One day we came into the office and the phones were on fire - people were
giving our receptionists dogs abuse and threatening all sorts of repercussions
as we'd apparently 'hacked' their TVs.

It turned out that one of the broadcasters has done something silly with one
of the inserters and reset it to factory defaults, meaning all pages were
replaced with the default 'Welcome to MRG Systems', along with our phone
number.

That was not a fun day...

------
sdk77
It's still popular in Holland and accessible via internet as well
([http://nos.nl/teletekst](http://nos.nl/teletekst)).

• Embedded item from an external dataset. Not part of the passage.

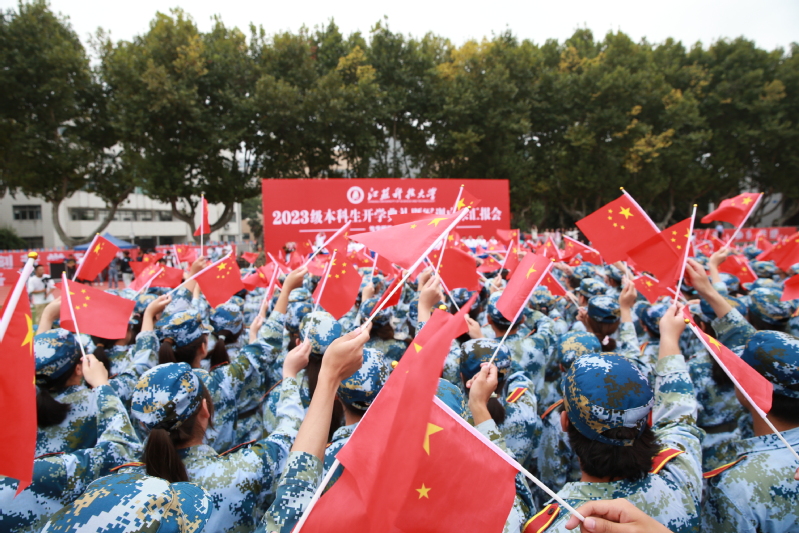 嵇春艳勉励全体新生做到三点“坚持”:坚持青春与时代同行,志存高远;坚持理论与实践同行,求真学问;坚持求知与成长同行,明德向善。她说,办学90年来,一代代江科大人矢志不渝以服务国家发展战略为己任,既为海洋强国、国之重器提供关键核心技术,也有小蚕种助力乡村振兴的大事业。心怀家国,顶天立地,是走向伟大复兴的责任担当,是小我融入大我的交融共生,“愿你们带着江科大人血脉里昂扬的家国情怀,书写属于自己的不凡华章。”

I've been thinking about a sort of 'internet magazine' broadcast on old analog
TV channels using a mechanism similar to how teletext works: a continuous
stream of pages where more popular pages occur more frequently in the stream
to reduce waiting time. The infrastructure looks very simple. Instead of RF,
what about visible light? It's still possible for users to interact more
closely by including slots with data directed for single users in the stream,
with upstream via mobile data or wifi.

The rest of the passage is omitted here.